PROVIDED RECORDS:
========
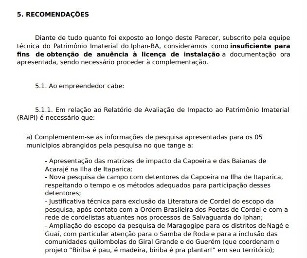 No documento divulgado, o Iphan classificou como insuficientes as pesquisas da SVPonte que avaliam os danos às comunidades tradicionais, e recomendou uma série de ações complementares para emitir parecer favorável à instalação do equipamento. Confira na íntegra:
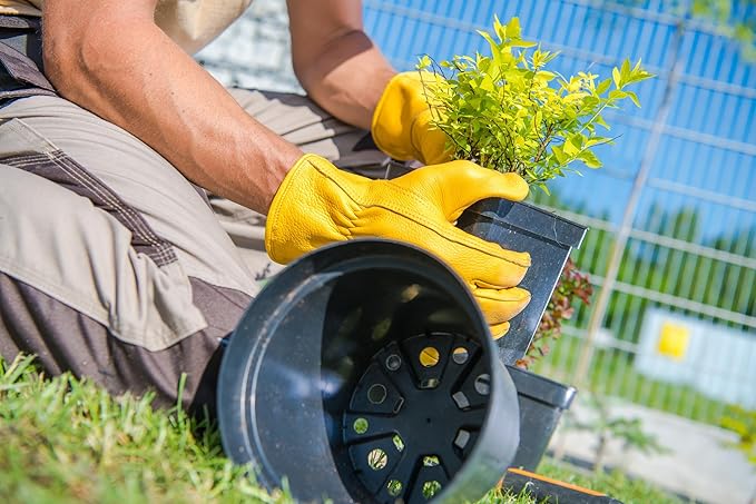 • Wide Range Application: These leather work gloves material is naturally breathable, sweat-absorbent and comfortable. Perfect for construction, Yardwork, Driver, Gardening, Farming, Landscaping, DIY projects, Wood cutting, etc.
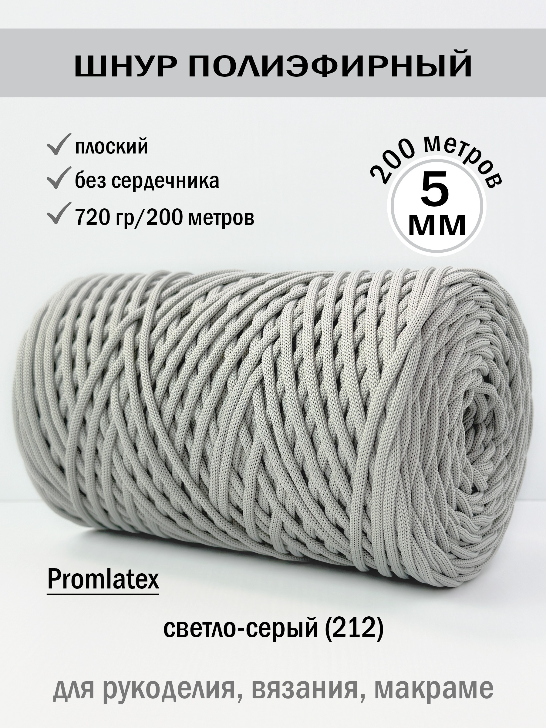 Полиэфирный шнур 5 мм без сердечника (+/-0,5) от компании Promlatex (Промлатекс) — это материал, открывающий безграничные возможности для творчества и рукоделия. Благодаря своим свойствам, он идеально подходит для создания широкого спектра изделий.
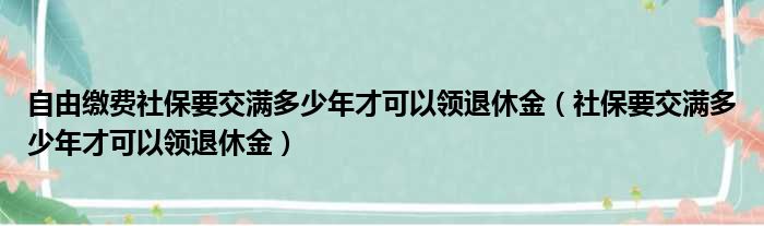 大家好,今天小六子来为大家解答以下的问题,关于自由缴费社保要交满多少年才可以领退休金,社保要交满多少年才可以领退休金这个很多人还不知道,现在让我们一起来看看吧!
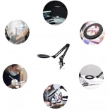 Praktická stolná lampa s lupou IZOXIS ponúka jasné kruhové LED osvetlenie, stabilné uchytenie na stôl a sklenenú optickú šošovku pre presnú prácu bez skreslenia. Vďaka 10 úrovniam jasu a 3 farebným teplotám svetla (teplá, neutrálná, studená) si ľahko prispôsobíte osvetlenie pre kozmetiku, modelárstvo, čítanie aj jemné remeslo. Napájanie cez USB a ovládač na kábli zabezpečujú maximálne pohodlie.
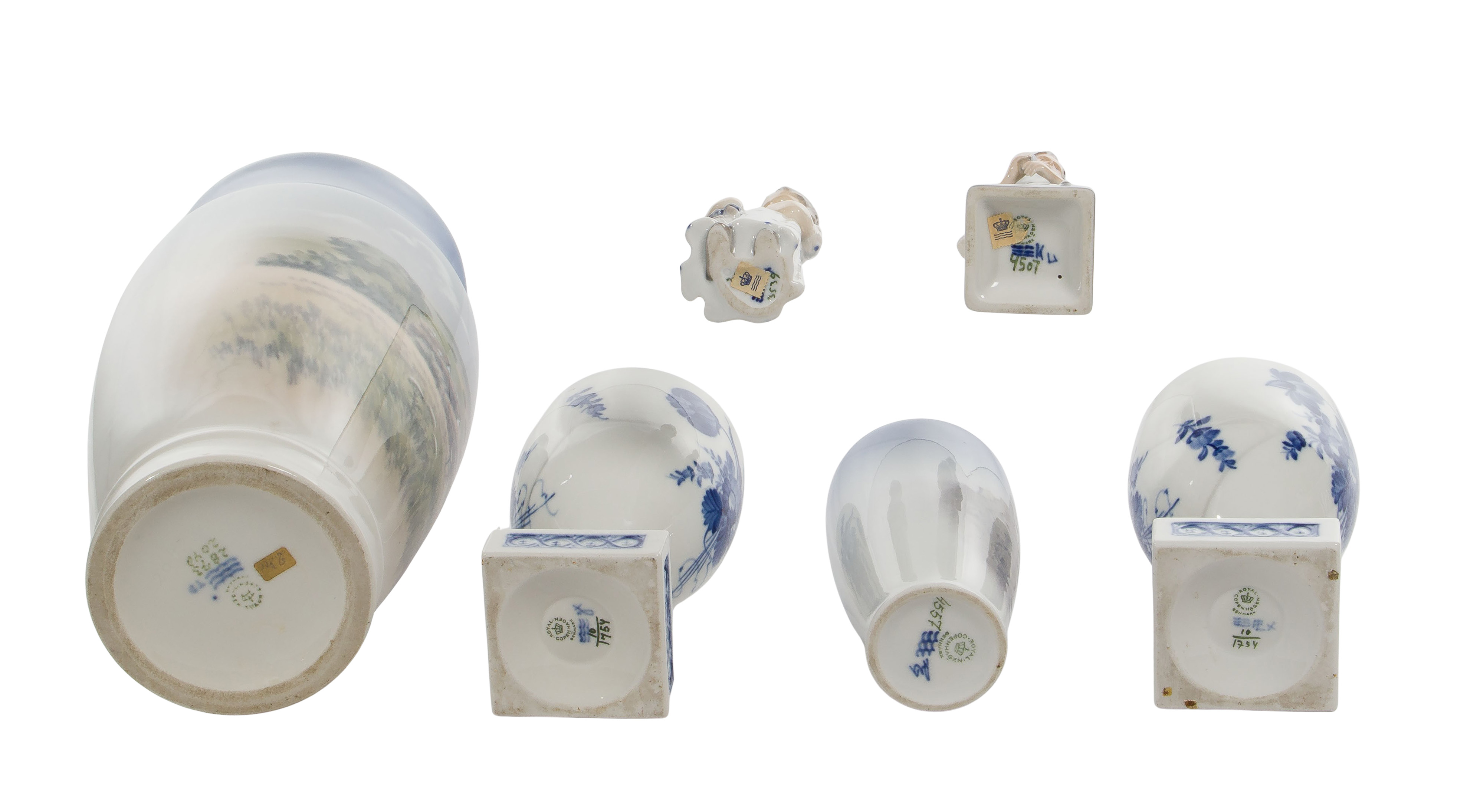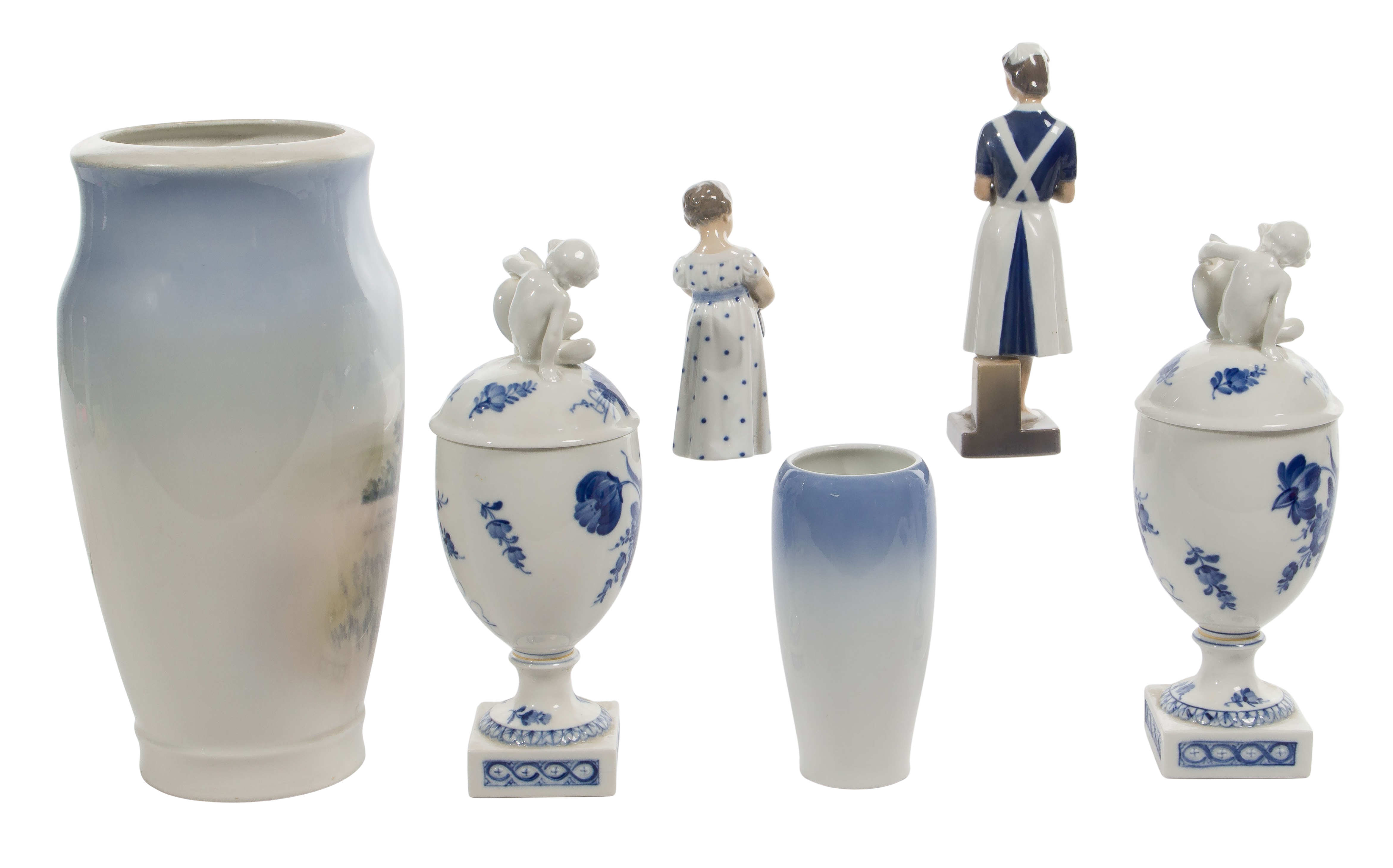 (5) items including (2) vases, (2) figurines and a pair of covered urns, all marked on underside
========
PROBLEM DESCRIPTION:
Return all the records above exactly, pictures omitted.

WRITTEN RESPONSE:
 No documento divulgado, o Iphan classificou como insuficientes as pesquisas da SVPonte que avaliam os danos às comunidades tradicionais, e recomendou uma série de ações complementares para emitir parecer favorável à instalação do equipamento. Confira na íntegra:
 • Wide Range Application: These leather work gloves material is naturally breathable, sweat-absorbent and comfortable. Perfect for construction, Yardwork, Driver, Gardening, Farming, Landscaping, DIY projects, Wood cutting, etc.
 Полиэфирный шнур 5 мм без сердечника (+/-0,5) от компании Promlatex (Промлатекс) — это материал, открывающий безграничные возможности для творчества и рукоделия. Благодаря своим свойствам, он идеально подходит для создания широкого спектра изделий.
 大家好,今天小六子来为大家解答以下的问题,关于自由缴费社保要交满多少年才可以领退休金,社保要交满多少年才可以领退休金这个很多人还不知道,现在让我们一起来看看吧!
 Praktická stolná lampa s lupou IZOXIS ponúka jasné kruhové LED osvetlenie, stabilné uchytenie na stôl a sklenenú optickú šošovku pre presnú prácu bez skreslenia. Vďaka 10 úrovniam jasu a 3 farebným teplotám svetla (teplá, neutrálná, studená) si ľahko prispôsobíte osvetlenie pre kozmetiku, modelárstvo, čítanie aj jemné remeslo. Napájanie cez USB a ovládač na kábli zabezpečujú maximálne pohodlie.
 (5) items including (2) vases, (2) figurines and a pair of covered urns, all marked on underside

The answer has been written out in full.